高齢者や人口減少によって、地域のつながりの希薄化が課題として浮き彫りになったことが大きな要因の1つだ。東日本大震災を境に「つながり」という言葉は多く使われるようになったようにも思える。

しかし、「つながり」を(無理に)つくられようとしている人と、「つながり」をつくろうとしている人の「つながり」の意味はそれぞれ違うということは、注意すべきである。

「つながり」の時間や多寡、感情、思い入れ、親密さ、相互の助け合いの強弱など、1人1人違うはずだ。人によっては、「つながる」のは人と人なのか、人と場なのかという考えもあるだろう。この点を考えずに、一方的に「つながり」をつくろうとすることは、かえってネガティブに働くことも考慮した方が良い。

僕は「つながり」をくっついたり離れたりを繰り返す、流動的なものであると考える。
その上で、時間や親密さ、強弱などを考えることが出来れば、お互いが心地よい「つながり」になるのではないかと思う。

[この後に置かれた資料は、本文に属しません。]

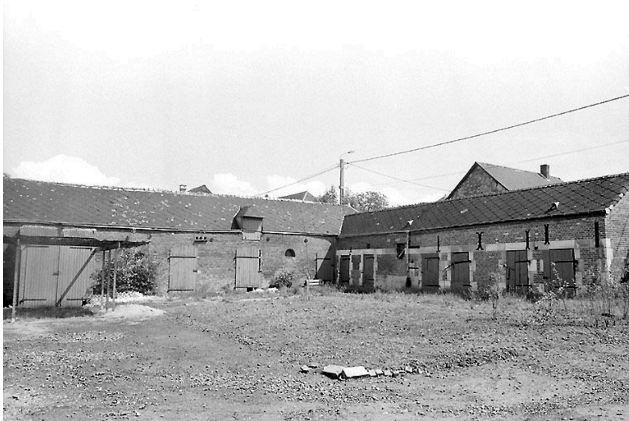
Vue des étables et de la porcherie.

持ち寄り会では、参加者の「つながり」についての興味の深さを知ることができた。その人の経験やライフステージで「つながり」の意味付けが変わってくることも感じた。

会の中で新しい疑問も生まれた。
「つながり」は切れるものなのか。切れるとしたら、どうやったら切れるのだろうか。

「つながり」は欲しいけど、心地悪い。

そんな違和感に向き合うために、これからも僕と誰かの境界線上の価値を覗いていきたいと思う。